6 Modules and Bindings

As an embedded domain-specific language, Scribble follows a long tradition of using Lisp- and Scheme-style macros to implement little languages. In particular, Scribble relies heavily on the Scheme notion of syntax objects (Sperber 2007), which are fragments of code that have lexical-binding information attached. Besides using syntax objects in the usual way to implement macros, Scribble uses syntax objects to carry lexical information all the way through document rendering. For example, @scheme[lambda] expands to roughly (typeset-id #'lambda), where #'lambda is similar to 'lambda but produces a syntax object (with its lexical information intact) instead of a symbol.

At the same time, many details of Scribble’s implementation rely on PLT Scheme extensions to Scheme macros. Continuing the above example, the typeset-id function applies PLT Scheme’s identifier-label-binding function to the given syntax object to determine the source module of its binding. The typeset-id function can then construct a cross-reference key based on the identifier and the source module; the documentation for the binding pairs the same identifier and source module to define the target of the cross-reference.

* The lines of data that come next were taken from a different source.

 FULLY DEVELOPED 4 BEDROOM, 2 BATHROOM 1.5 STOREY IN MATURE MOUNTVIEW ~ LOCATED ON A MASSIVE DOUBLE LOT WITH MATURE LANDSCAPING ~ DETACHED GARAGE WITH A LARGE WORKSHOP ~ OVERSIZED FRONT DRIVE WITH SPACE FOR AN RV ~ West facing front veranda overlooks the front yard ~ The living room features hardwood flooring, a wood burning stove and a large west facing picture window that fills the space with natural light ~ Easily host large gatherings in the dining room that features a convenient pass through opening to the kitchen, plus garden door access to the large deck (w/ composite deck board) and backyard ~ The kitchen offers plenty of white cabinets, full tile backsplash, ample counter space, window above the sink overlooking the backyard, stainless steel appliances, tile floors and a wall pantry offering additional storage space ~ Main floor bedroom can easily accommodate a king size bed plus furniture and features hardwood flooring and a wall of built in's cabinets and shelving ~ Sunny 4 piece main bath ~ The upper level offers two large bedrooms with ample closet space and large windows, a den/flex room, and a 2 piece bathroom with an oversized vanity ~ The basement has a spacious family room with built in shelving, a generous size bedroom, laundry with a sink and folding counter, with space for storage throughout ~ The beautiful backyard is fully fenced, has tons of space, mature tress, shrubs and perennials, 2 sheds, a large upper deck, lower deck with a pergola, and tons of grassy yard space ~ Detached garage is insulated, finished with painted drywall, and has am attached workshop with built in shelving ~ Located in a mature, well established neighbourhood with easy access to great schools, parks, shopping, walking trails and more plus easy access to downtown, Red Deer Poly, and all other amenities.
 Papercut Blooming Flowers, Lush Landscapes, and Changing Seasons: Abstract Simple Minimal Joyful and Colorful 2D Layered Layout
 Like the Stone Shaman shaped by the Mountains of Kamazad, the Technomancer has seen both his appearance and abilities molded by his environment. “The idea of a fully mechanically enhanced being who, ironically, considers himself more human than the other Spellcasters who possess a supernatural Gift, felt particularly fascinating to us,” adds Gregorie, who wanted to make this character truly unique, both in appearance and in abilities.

A deeper dependence of Scribble on PLT Scheme relates to #lang parsing. The #lang notation organizes reader extensions of Scheme (i.e., changes to the way that raw text is converted to S-expressions) to allow new forms of surface syntax. The identifier after #lang in the original source act as the “language” of a module.

The module form is PLT Scheme’s core module form, and it generalizes the standard library form (Sperber 2007) to give macros more control in transforming the body of a module. Within a module, the first identifier is the relative name of the module, and the second identifier indicates a module to supply initial bindings for the module body. In particular, the initial import of a module is responsible for supplying a #%module-begin macro that is implicitly applied to the entire content of the module.

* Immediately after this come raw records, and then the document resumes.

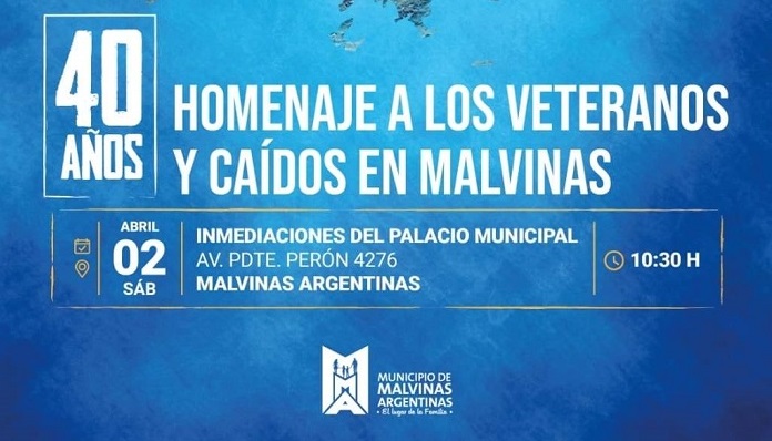 El municipio de Malvinas Argentinas prepara un acto en homenaje a los Veteranos y Caídos en Malvinas, a 40 años del conflicto bélico. El mismo será el sábado 2 de abril en las inmediaciones al Palacio Municipal (Av. Pdte. Perón 4276, ciudad de Malvinas Argentinas). Participarán los soldados homenajeados, funcionarios, y se extiende la invitación a la sociedad en general, a partir de las 10.30 horas.
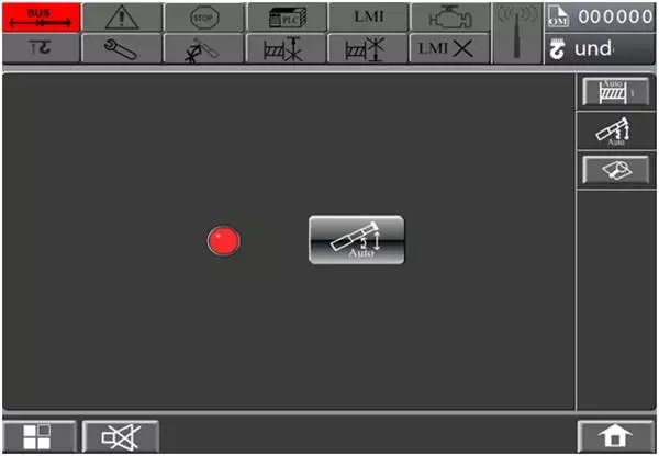 第二按钮为卷扬随动臂头模式,第三个按钮为卷扬随动地面模式。单击按钮,会弹出对话框询问是否激活臂头(地面)模式,选择√,激活卷扬随动,选择×,取消卷扬随动,卷扬随动功能实际是否激活以左侧信号灯为准,当信号灯为绿色时,表示卷扬随动功能已激活,红色则表示未激活。
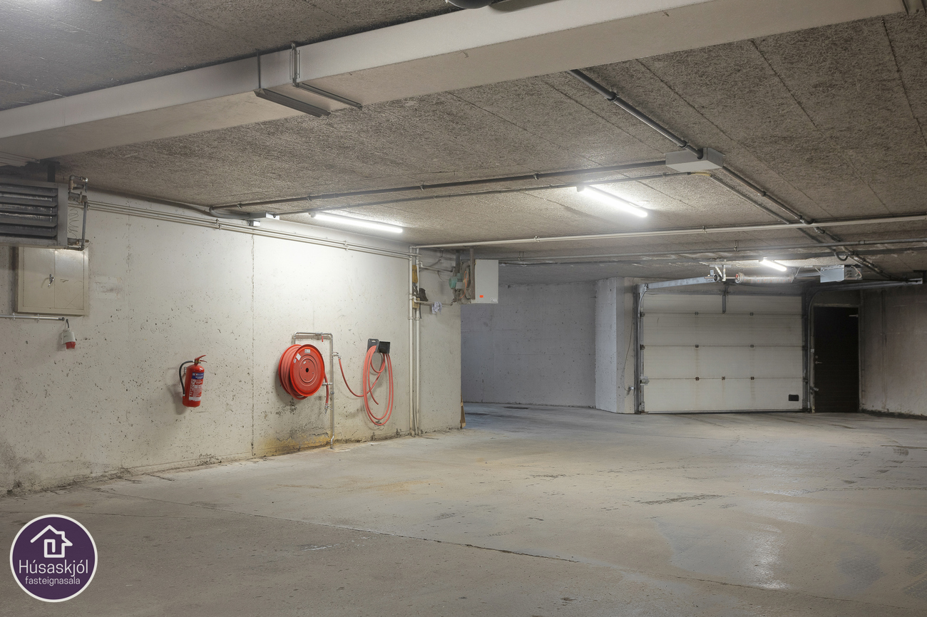 Sér merkt stæði í bílgeymslu við Austurströnd 2-4.
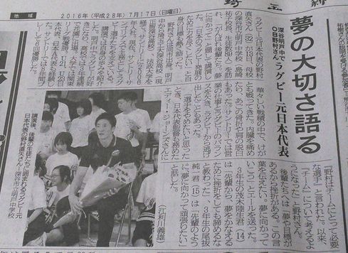 ラグビー元日本代表の野村直矢さんを迎えて行われた、ふれあい講演会の様子や、2人の生徒の感想などが紹介されています。

In the case of scribble/doclang, the #%module-begin macro lifts out all import and definitions forms in the body, passes all remaining content to the decode function, and binds the result to an exported doc identifier. Thus, macro expansion converts the hello module to the following:

(module hello scheme/base

(require scribble/doclang

scribble/manual)

(provide doc)

(define doc

(decode

"\n"  "\n"

"It was a " (bold "dark") " and "

(italic "stormy") "night." "\n")))

A subtlety in the process of lifting out import and definition forms is that they might not appear directly, but instead appear in the process of macro expansion. For example, include-section expands to a require of the included document plus a reference to the document. The #%module-begin macro of scribble/doclang therefore relies on a PLT Scheme facility for forcing the expansion of sub-forms. Specifically, #%module-begin uses local-expand to expand each sub-form just far enough to determine whether it is an import form, definition form, or expression. If the sub-form is an import or definition, then #%module-begin suspends further work and lifts out the import or definition immediately; the import or definition can then supply bindings for further expansion of the module body. The need to suspend and continue lifting explains the () inserted in the body of a module by the scribble/doc reader; #%module-begin uses that position to track the sub-forms that have been expanded already to expressions.

Aside from (1) the ability to force the expansion of nested forms and (2) the ability of macros to expand into new imports, macro expansion of a module body is essentially the same as for libraries in the current Scheme standard (Sperber 2007). Where the standard allows choice in the separation of phases, we have chosen maximal separation in PLT Scheme, so that compilation and expansion as consistent as possible (Flatt 2002). That is, bindings and module instantiations needed during the compilation of a module are kept separate from the bindings and instantiations needed when executing a module for rendering.

Furthermore, to support the connection between documentation and library bindings, PLT Scheme introduces a new phase that is orthogonal to compile time or run time: the label phase level. As noted in Scribbling Code, a for-label import introduces bindings for documentation without triggering the execution of the imported module. In PLT Scheme, the same identifier can have different bindings in different phases. For example, when documenting the Intermediate Scheme pedagogical language, a document author would like uses of lambda to link to the lambda specification for Intermediate Scheme, while procedures used to implement the document itself will more likely use the full PLT Scheme language, which is a different lambda. The two different uses of lambda are kept straight naturally and automatically by separate bindings in separate phases.